The P. agamae mitochondrial genome was assembled using the MitoZ toolkit v3.3 [87] with additional annotations of protein coding sequences (CDS), ribosomal RNA (rRNA) and transfer RNA (tRNA) sequences using the MITOS2 web service [88], which produces circular and non-circular assemblies. The non-circular assembly was artificially circularised using the Simple-Circularise python script (https://github.com/Kzra/Simple-Circularise). Missing tRNAs were identified by aligning the assembly with existing mitochondrial genomes from trombiculid mites available in NCBI GenBank (Leptotrombidium pallidum, AB180098.1; Leptotrombidium deliense, AB194044.1; Leptotrombidium akamushi, NC_007601.1; Walchia hayashii, NC_010595.1; and Ascoschoengastia sp. TATW-1, AB300501.1) and manually inspecting the presence of conserved regions for tRNAs. Alignments of putative tRNA sequences were performed with MAFFT v6.864b [89] as described above and visualised using Jalview v2 [90]. RNA secondary structures were predicted using mfold [91] in the UNAFold web service (http://www.unafold.org) and the predicted structures for the tRNAs from L. pallidum [92] as a reference. The mitochondrial assembly was visualised using the web version of OGDRAW [93] to produce the circular genome plot in Fig. 6. Alignments of the mitochondrial assembly and the detection of single nucleotide polymorphisms (SNPs) were performed using nucmer and dnadiff from the MUMmer4 package [94]. Genome synteny was visualised using genoPlotR [95]. Existing chigger mitogenomes analysed for gene arrangements comprised Ascoschoengastia sp. TATW-1, W. hayashii, L. deliense and L. pallidum (accession nos. above). Sequences for the COI gene were generated from pooled archived chigger specimens described in our earlier studies [37, 45] by PCR amplification using the HCO2198 and LCO1490 primers [96] followed by Sanger sequencing.

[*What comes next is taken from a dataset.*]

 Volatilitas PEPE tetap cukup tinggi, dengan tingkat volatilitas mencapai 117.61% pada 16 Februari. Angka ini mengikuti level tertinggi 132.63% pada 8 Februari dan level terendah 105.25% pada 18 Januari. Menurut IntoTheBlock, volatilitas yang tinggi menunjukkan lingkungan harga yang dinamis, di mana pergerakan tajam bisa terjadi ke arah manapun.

Phylogenetic tree construction and genetic pairwise distance calculation

Sequences for genes of interest were aligned using MAFFT v6.864b [89] along with existing sequences from NCBI GenBank. Concatenated alignments and partition files were generated using FASconCAT-G (https://github.com/PatrickKueck/FASconCAT-G). Maximum-likelihood phylogenies were produced from the single or concatenated nucleotide alignments using IQTREE v2.2.2.9[97] with 1,000 ultra-fast bootstraps [98] and best model selection from ModelFinder [99]. The Interactive Tree of Life online tool (https://itol.embl.de) was used to visualize the consensus trees produced and to generate the tree figures. Numbers at nodes represent ultra-fast bootstrap values and tree scales represent number of nucleotide substitutions. Genetic pairwise distances were calculated from alignments using the DistanceCalculator class from the Bio.Phylo.TreeConstruction module in Biopython v1.79 [100].

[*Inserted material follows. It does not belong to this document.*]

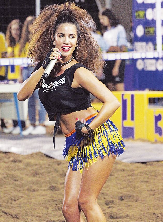 Η τραγουδίστρια έβγαλε τις ζαρτιέρες και τα εσώρουχα που φόρεσε λίγες μέρες πριν για το… back to school party στη λακωνική πρωτεύουσα και φόρεσε τη χαβανέζικη φούστα της για το σόου που παρουσίασε με την ολοκλήρωση του τελικού.

For the Wolbachia phylogenomic tree, Orthofinder v2.5.4 was used to produce a set of orthologous sequences [101]. Protein sequences for each single-copy orthogroup (OG) were aligned using MAFFT v7.149b [89]. Gblocks v0.91b was used to trim noisy or poorly aligned protein positions [102]. The trimmed alignments were concatenated into a supermatrix used to construct maximum likelihood trees in IQTREE v2.1.2. We used ModelFinder within IQTREE to determine the appropriate model for each protein. Branch support was calculated using the following options in IQTREE: (i) ultra- fast bootstrap, (ii) SH- aLRT support, (iii) local bootstrap support and (iv) aBayes Bayesian support, with all options set to 1,000, and all options produced highly similar values. Values from the ultra-fast bootstrap option [103] were displayed along with the consensus trees in the final figures. Sequence comparisons of wPaga, wDacA, wDacB and wTex genomes to all the genomes represented in the phylogenomic tree was performed using megablast. The output results were filtered to remove self-hits and the best hit for each contig was retained. The percentage identity and query coverage in three Blast hits were analysed and plotted, with each contig hit coloured by supergroup affiliation of the best matching subject sequence. In the analysis of wTex, hits to the only other Wolbachia (wPpe) from the same supergroup L were also excluded to simulate a novel, highly divergent Wolbachia supergroup.